Question

In the following equation, find the value of $\dfrac{{\text{k}}}{{{\text{ab}}}}$for which the given value is a solution of the given equation: ${{\text{x}}^2} - {\text{x}}\left( {{\text{a + b}}} \right) + {\text{k = 0}}$, given value x = a.

Answer 1

Hint: In order to compute$\dfrac{{\text{k}}}{{{\text{ab}}}}$, we try to find the solution of the given equation using the given value of x, i.e. x = a, using the result obtained we find the required value.

Complete Step-by-Step solution:
Given data, ${{\text{x}}^2} - {\text{x}}\left( {{\text{a + b}}} \right) + {\text{k = 0}}$ and x = a.
We substitute x = a in the given equation, we get
$
   \Rightarrow {{\text{a}}^2} - {\text{a}}\left( {{\text{a + b}}} \right) + {\text{k = 0}} \\
   \Rightarrow {{\text{a}}^2} - {{\text{a}}^2} - {\text{ab + k = 0}} \\
   \Rightarrow {\text{k = ab}} \\
$
We are supposed to find the value of $\dfrac{{\text{k}}}{{{\text{ab}}}}$
$ \Rightarrow \dfrac{{\text{k}}}{{{\text{ab}}}} = \dfrac{{{\text{ab}}}}{{{\text{ab}}}} = 1$
Hence the value of $\dfrac{{\text{k}}}{{{\text{ab}}}}$= 1.

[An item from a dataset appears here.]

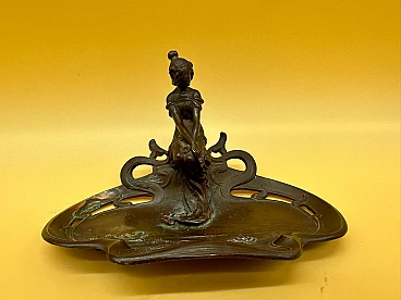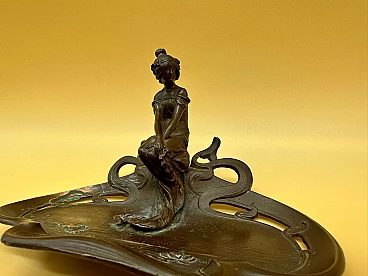 Svuota tasche con fanciulla seduta in laghetto con ninfee, inizio '900

Note: In order to solve questions of this type the key is to understand that for a value to be the solution of the equation, it definitely has to satisfy the equation. Given x = a and x is the solution of the equation, which is why we substituted it and found the value of k. That line is the key to solve this problem. After we found k we directly substitute it to determine the answer.